Uncle Al still lives with my parents, albeit he’s moved into the attic and doesn’t come down much. Funnily, it’s my brother Johnny I see less of. Last I heard he was washing cars for pennies on the dollar at one of these used dealerships—not showing his face around after family found out what he’d done to Uncle and all. Another irony was that after the whole event it was actually Johnny that stopped speaking. It was like he became incapable—perhaps stricken with guilt, shame, or something. Stopped attending family events too, probably fearful of looking Uncle in those eyes that have been hollow, empty since the incident. Sad how something like that can tear a generally happy in half is all I had to say about it for a while. But then recently I got thinking: Why? Why would Johnny do this? Did Uncle Al wrong him in some way nobody knew about? My memory seems to elude me on what his relationship with my brother was like when we were growing up… like I said, Uncle had this phantasmal quality about him.

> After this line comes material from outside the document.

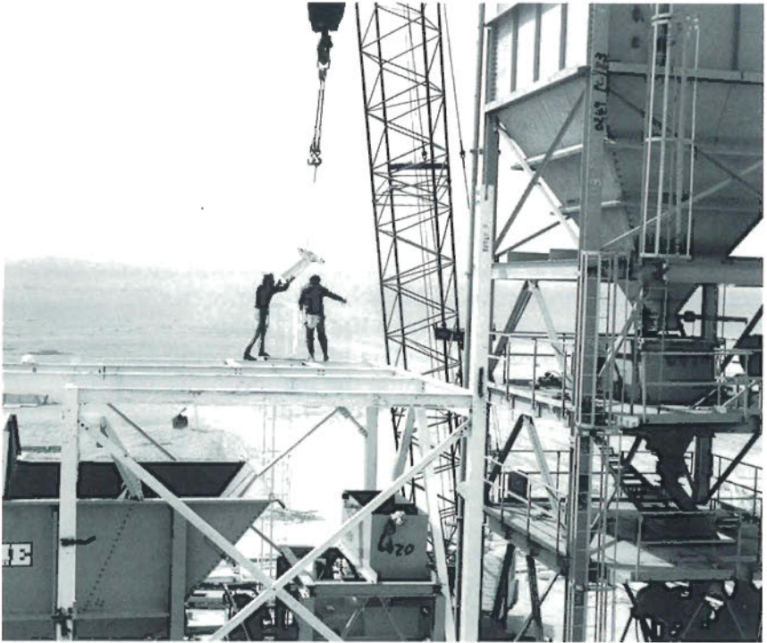
Bulk cement storage facility under construction at Onda in the spring of 1980.

The engineering division decided to use spread footings, set into bedrock where possible, and elsewhere on structural fill. 70

One thing I do remember was that later that night, the night of the incident, when I was all alone in my second story bedroom gazing out the open west-facing window—family was still pacing about the emergency room lobby waiting for an update on Uncle—, I was suddenly struck by a gust of frigid wind like none I’d felt in my life. The room became bitter cold, inhospitable. Then for a brief moment my desk and bed seemed to lift from the floor, but only by half an inch, yet when I blinked a few times, everything went back to normal. The window was closed and I found myself sitting on my bed, running my hands across my blue tassel throw blanket, just making sure what I was affixed upon was real. The whole experience lasted a matter of seconds but stuck with me like how a bad dream would.